_Work order_
Start to finish, retype the entries exactly while omitting the pictures.
════════════════════
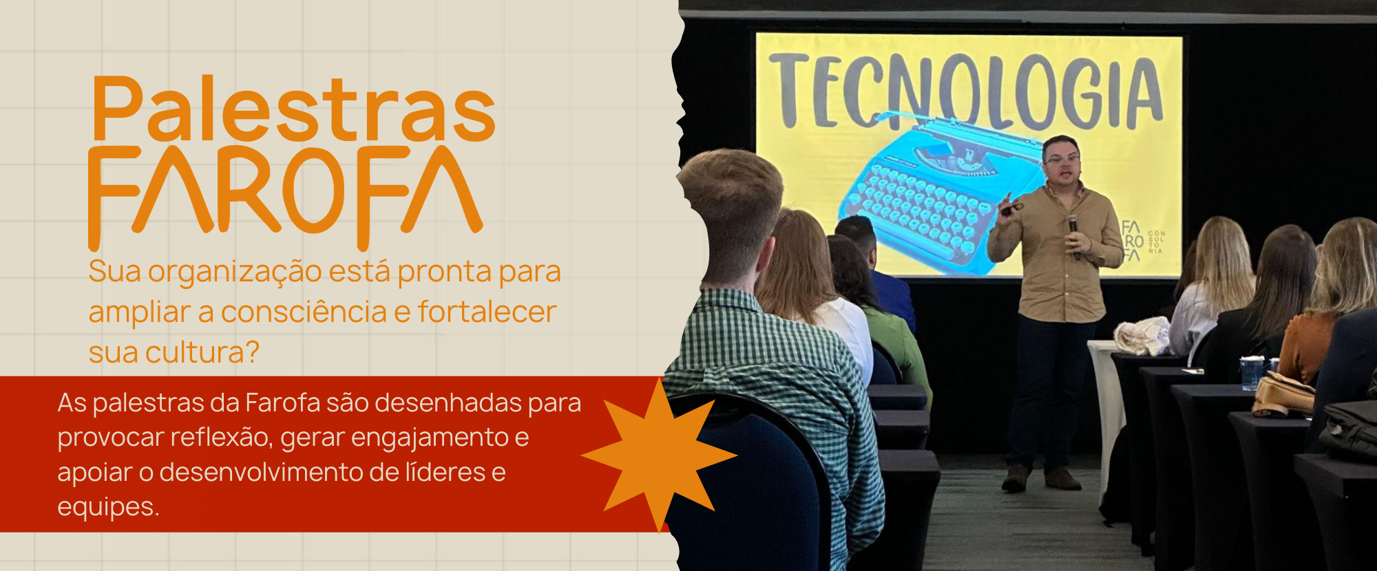 Nossas palestras são momentos de inspiração com direcionamento estratégico. Mais do que conteúdos prontos, desenvolvemos cada encontro a partir do contexto da sua empresa, conectando temas como cultura organizacional, liderança, bem-estar e futuro do trabalho. Com duração de 20 a 45 minutos, as palestras da Farofa provocam reflexão, ampliam perspectivas e geram movimento real dentro das organizações — seja em eventos corporativos, convenções ou programas internos.
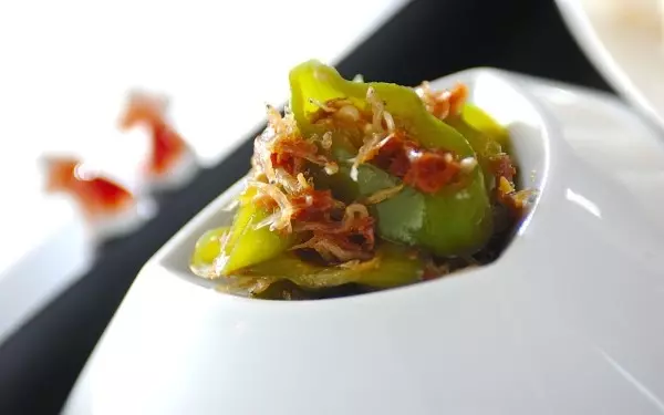 万願寺とうがらしとジャコの組み合わせは鉄板! ゴマ油で炒めたら、甘辛く煮詰めていきます。ご飯の上にのせるほか、混ぜ込んでおにぎりにしてもおいしいです。
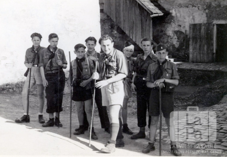 Tālavas 79. skautu vienība no Rēgensburgas nometnes (amerikāņu zonā) ar vadītāju skautu sirojumā Bavārijas ciemā. Vairākiem skautiem rokās ir nūjas; vienam zēnam ir apsaitēta galva. Fonā ir mūra sienas, bruģēta taka, atvērtas koka durvis un segtas koka trepes uz augšu. Sestais no kreisās: Viesturs Žagars (ar apsaitētu galvu).
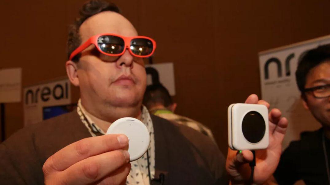 Magic Leap的混合現(xiàn)實(shí)(MR)眼鏡,使用了眼鏡和處理器分開的方法。
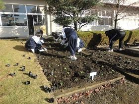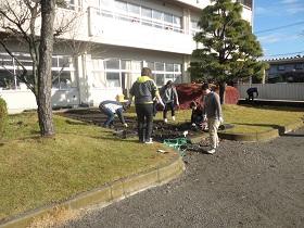28日には、吹奏楽部が学内コンサートを行い2016年の部活動納めを行いましたが、他の部も練習場や部室の大掃除などを行い、新年を迎える準備を行っていました。ソフトボール部は、顧問教師とともに、花壇の除草やパンジーの手入れを行ってくれていました。花いっぱい運動への協力に感謝いたします。
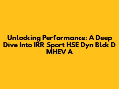 Unlocking Performance: A Deep Dive Into IRR Sport HSE Dyn Blck D MHEV A
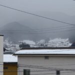 極端な冬型になり、朝から激しい雪が降っています。降り始めの霙(みぞれ)から、この時間は湿り雪に変わりました。気温が高いので湿り雪がガラス窓に付着して、水滴に変わっています。北信病院の西病棟が霞んで見えます。 その後雪は激…
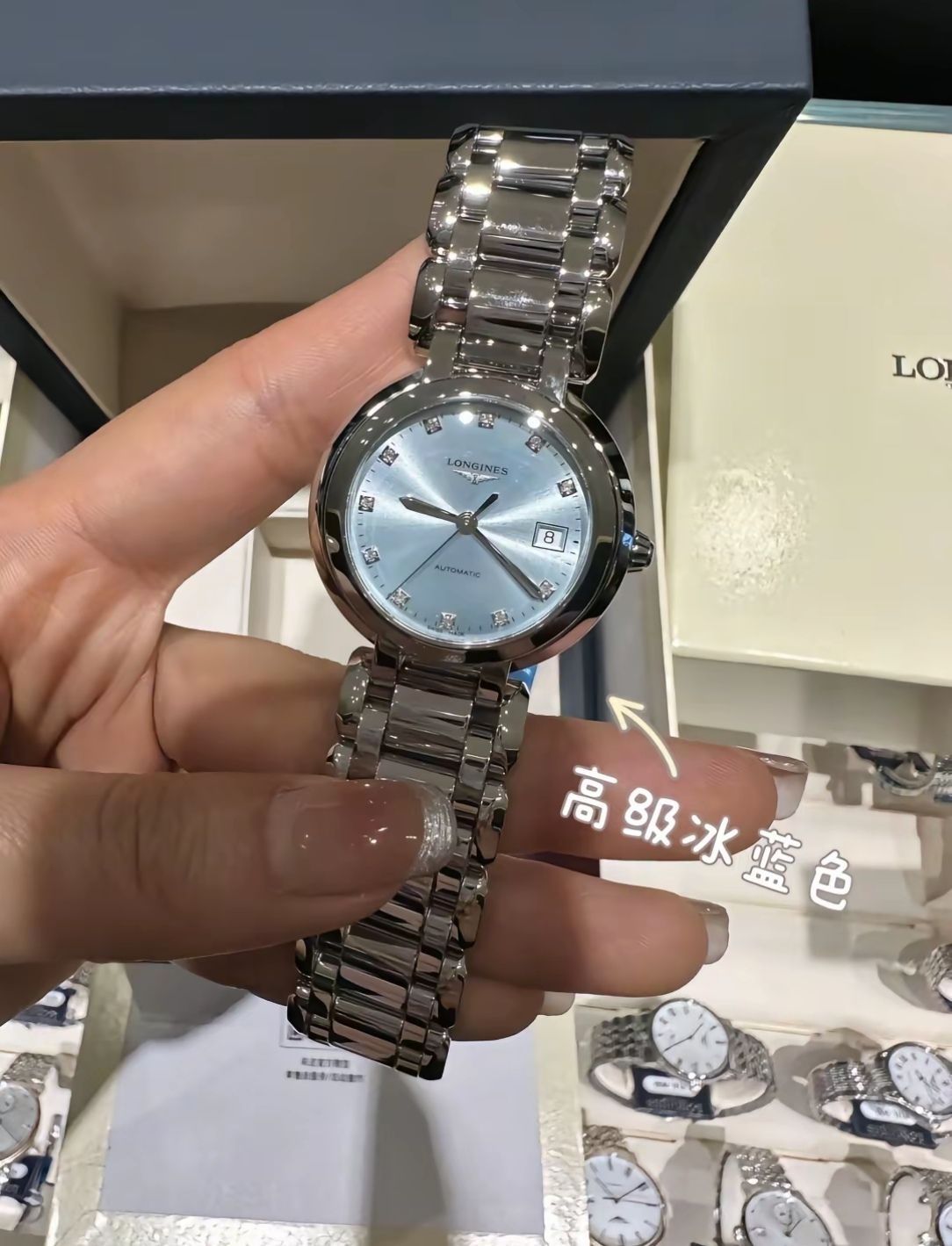 本篇笔记关联了【赵丽颖同款】LONGINES/浪琴 心月系列 30mm 镶钻彩盘精钢表带太阳饰纹石英女士手表 石英款 冰蓝、Longines/浪琴 心月系列 30mm 精钢表带镶钻防水日期显示自动机械女士手表 粉色 L8.113.4.99.6、LONGINES/浪琴 心月系列 30mm 精钢表带和表壳日期显示石英女士手表 银色 L8.122.4.71.6等商品,为用户提供真实的使用体验和购买参考。
════════════════════
_Your response_
 Nossas palestras são momentos de inspiração com direcionamento estratégico. Mais do que conteúdos prontos, desenvolvemos cada encontro a partir do contexto da sua empresa, conectando temas como cultura organizacional, liderança, bem-estar e futuro do trabalho. Com duração de 20 a 45 minutos, as palestras da Farofa provocam reflexão, ampliam perspectivas e geram movimento real dentro das organizações — seja em eventos corporativos, convenções ou programas internos.
 万願寺とうがらしとジャコの組み合わせは鉄板! ゴマ油で炒めたら、甘辛く煮詰めていきます。ご飯の上にのせるほか、混ぜ込んでおにぎりにしてもおいしいです。
 Tālavas 79. skautu vienība no Rēgensburgas nometnes (amerikāņu zonā) ar vadītāju skautu sirojumā Bavārijas ciemā. Vairākiem skautiem rokās ir nūjas; vienam zēnam ir apsaitēta galva. Fonā ir mūra sienas, bruģēta taka, atvērtas koka durvis un segtas koka trepes uz augšu. Sestais no kreisās: Viesturs Žagars (ar apsaitētu galvu).
 Magic Leap的混合現(xiàn)實(shí)(MR)眼鏡,使用了眼鏡和處理器分開的方法。
28日には、吹奏楽部が学内コンサートを行い2016年の部活動納めを行いましたが、他の部も練習場や部室の大掃除などを行い、新年を迎える準備を行っていました。ソフトボール部は、顧問教師とともに、花壇の除草やパンジーの手入れを行ってくれていました。花いっぱい運動への協力に感謝いたします。
 Unlocking Performance: A Deep Dive Into IRR Sport HSE Dyn Blck D MHEV A
 極端な冬型になり、朝から激しい雪が降っています。降り始めの霙(みぞれ)から、この時間は湿り雪に変わりました。気温が高いので湿り雪がガラス窓に付着して、水滴に変わっています。北信病院の西病棟が霞んで見えます。 その後雪は激…
 本篇笔记关联了【赵丽颖同款】LONGINES/浪琴 心月系列 30mm 镶钻彩盘精钢表带太阳饰纹石英女士手表 石英款 冰蓝、Longines/浪琴 心月系列 30mm 精钢表带镶钻防水日期显示自动机械女士手表 粉色 L8.113.4.99.6、LONGINES/浪琴 心月系列 30mm 精钢表带和表壳日期显示石英女士手表 银色 L8.122.4.71.6等商品,为用户提供真实的使用体验和购买参考。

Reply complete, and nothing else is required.